One protesters against Jones was Katie van Wormer, who said she was driving by and had to pull over to join the handful of protesters against candidate.
“I heard about it, and then I drove by and saw him,” she explained. “There can’t be more people on the side of Nazis than on the anti-Nazi side.”
As Jones and his supporters yelled at counter protesters outside, inside Hope Covenant Church about 30 people assembled to talk about how to promote social justice across the 3rd Congressional District, which includes part of Chicago and extends south and west.

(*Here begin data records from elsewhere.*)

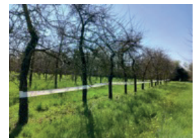
Exemple de pose en vergers non palissés
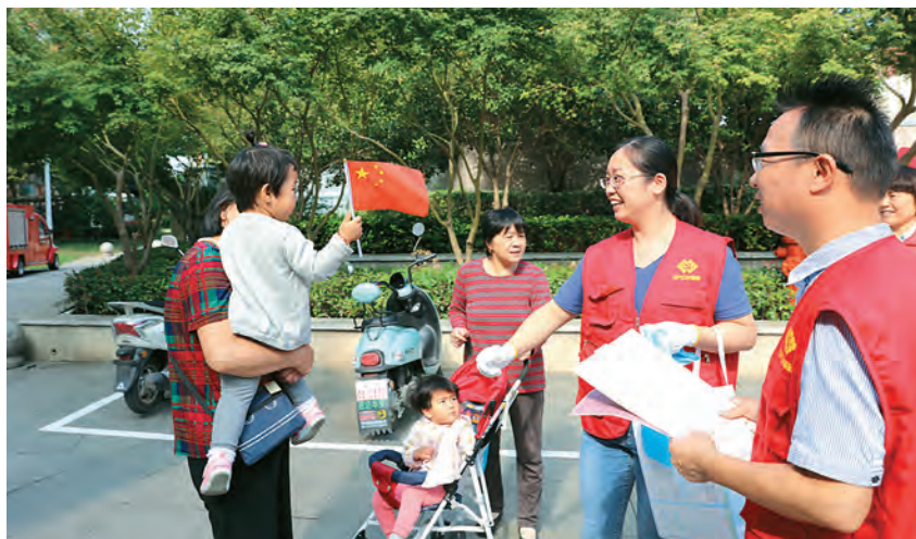
2020年9月25日,胜浦街道“蜂巢行动”在滨江苑社区开展

垃圾分类。 按照园区生活垃圾分类工作总体部署,围绕基础设施、管理体系、宣传教育等方面细化具体措施,推动工作开展。在主干道路口、社区出入口等位置制作标语、标牌,利用公交站台广告、电子屏、微信公众号等载体,宣传、普及垃圾分类知识,发放宣传折页约5万份,提升居民垃圾分类知晓率。发挥党组织、党员带头示范作用,开展“蜂巢行动”“光盘行动”等活动。推进“三定一督”模式和投放配套设施建设,25个住宅
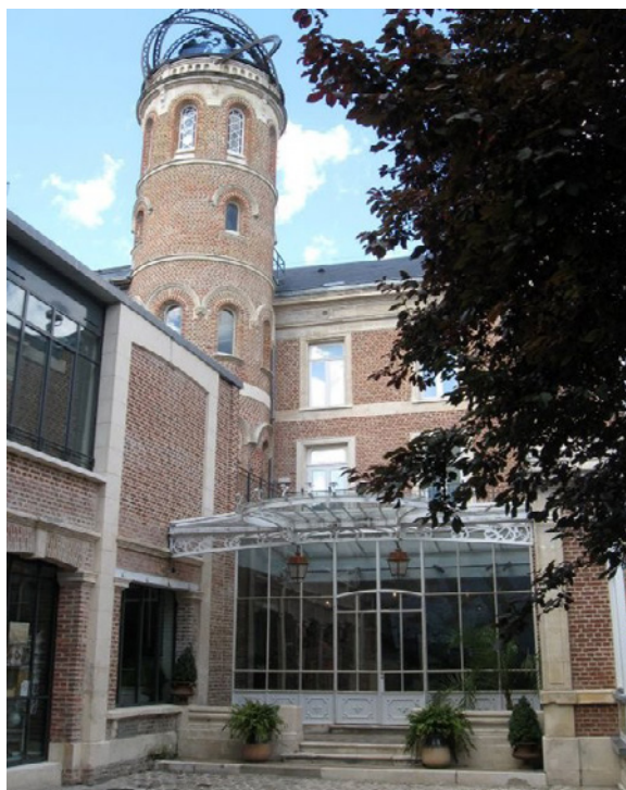
La maison de Jules Verne à Amiens

1905, 24 mars : décès de Jules Verne. Il est enterré au cimetière de la Madeleine à Amiens.

A panel included a gun prevention activist, a political organizer and Suzanne Amra, the assistant principal at Peck Elementary School in Chicago.

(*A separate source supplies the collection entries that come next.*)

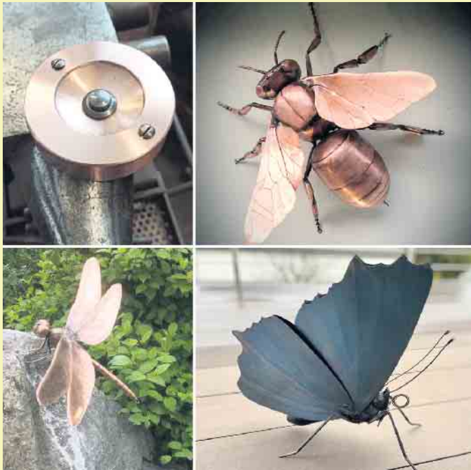
Formschöne Blecharbeiten für drinnen und draußen von M. Tuss
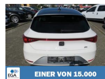
EINER VON 15.000
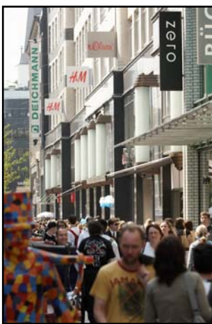
Innenstädte könnten für den Einzelhandel an Attraktivität verlieren.

Hintergrund der Regelung ist laut Hahn-Gruppe – plakativ ausgedrückt - der Generalverdacht des Gesetzgebers, dass der Einzelhandel seine Läden lieber mietet statt sie zu kaufen, um so Steuern zu sparen. Damit solle eine Gleichstellung mit
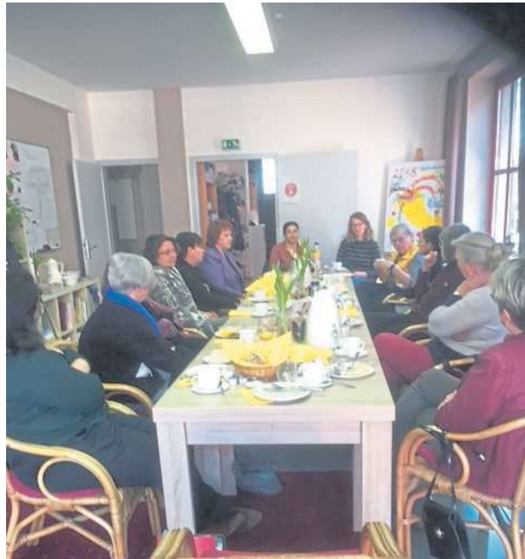
Das Treffen der Kreistagspolitikerinnen fand dieses Mal im Mütterzentrum Uchte statt. Weitere Teilnehmerinnen waren zwei Gleichstellungsbeauftragte aus dem Süden des Kreises Nienburg.

Längst treffen sich im Mütterzentrum nicht mehr nur Frauen mit Kindern, wie der Name mutmaßen lässt, sondern zum Beispiel auch Männer und Frauen zu Nähkursen, Ehrenamtliche, die Sprach-
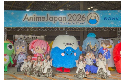
アンバサダー・着ぐるみ
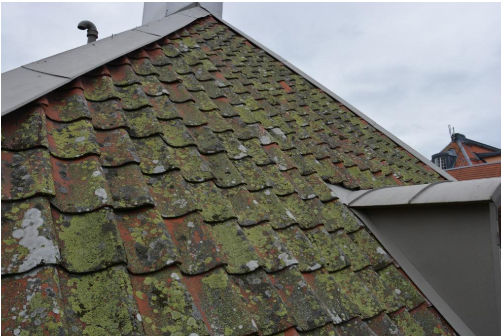
Västra gavelns takfall innan åtgärder påbörjats 2015.

Newman spoke out against bullying, among other issues, explaining schools need to do a better job of teaching social and emotional learning. Newman said schools can teach children be more just and fair and the federal spending should reward schools that promote social and emotional learning.

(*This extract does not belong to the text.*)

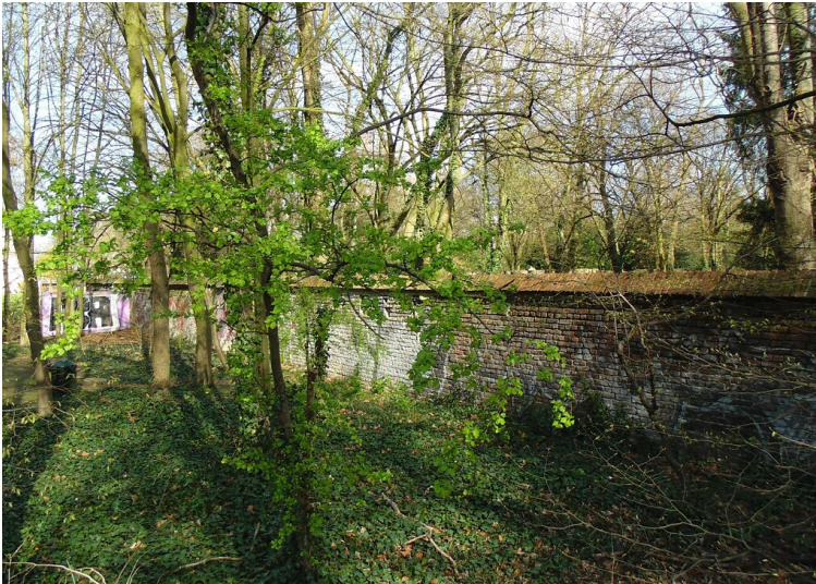
Die umgebende Friedhofsmauer des unmittelbar neben dem Kölner Melatenfriedhof gelegenen jüdischen Friedhofs Ehrenfeld in Köln-Lindenthal (2020).

“We can legislate fairness,” she said. “We can.”
Newman said public education must include social education.
“We need to embed in every single subject cultural training and religious training,” she said.
Newman explained that children who are taught these skills end up objectively better off in the workplace as adults.
The Rev. Jon Fogel, pastor of First Covenant Church, said he was happy to host Newman’s event. While federal by law churches cannot promote political campaigns, he said a conversation on peace and justice is exactly what his church will support.
“We don’t support any political campaign here but you know what we support? We support peace,” Fogel said.
Fogel said his church has no place for Jones’ rhetoric.
“We’re anti white supremacy,” he said. “If you’re for white supremacy you probably wouldn’t fit in here. We’re gonna talk about our love for all people.”
Newman lost to Lipinski by 2.2 percentage points in the 2018 Democratic Primary, but her campaign manager Ben Hardin said she is hopeful of a victory this year, as Lipinski has grown more in line with mainstream Republican values.
Though Lipinski voted in favor of impeaching President Donald Trump, he was one of just two House Democrats among more than 200 Republican members of Congress who signed onto an amicus brief filed in the June Medical Services v. Gee case, regarding a Louisiana law requiring doctors who provide abortion care to have admitting privileges at a nearby hospital.
The brief asks the U.S. Supreme Court to review the landmark abortion decision Roe v. Wade and other precedents.
“I don’t think it’s surprising,” said Hardin. “I think he’s backed himself into a corner.”
“This is a blue district,” Hardin said. “This is a very democratic district. The district went for Bernie in 2016, I think Hillary won by 13 points in the general. It’s a very blue district.”
Lipinski defended his action in signing the brief and announced this week endorsements from 28 municipal mayors.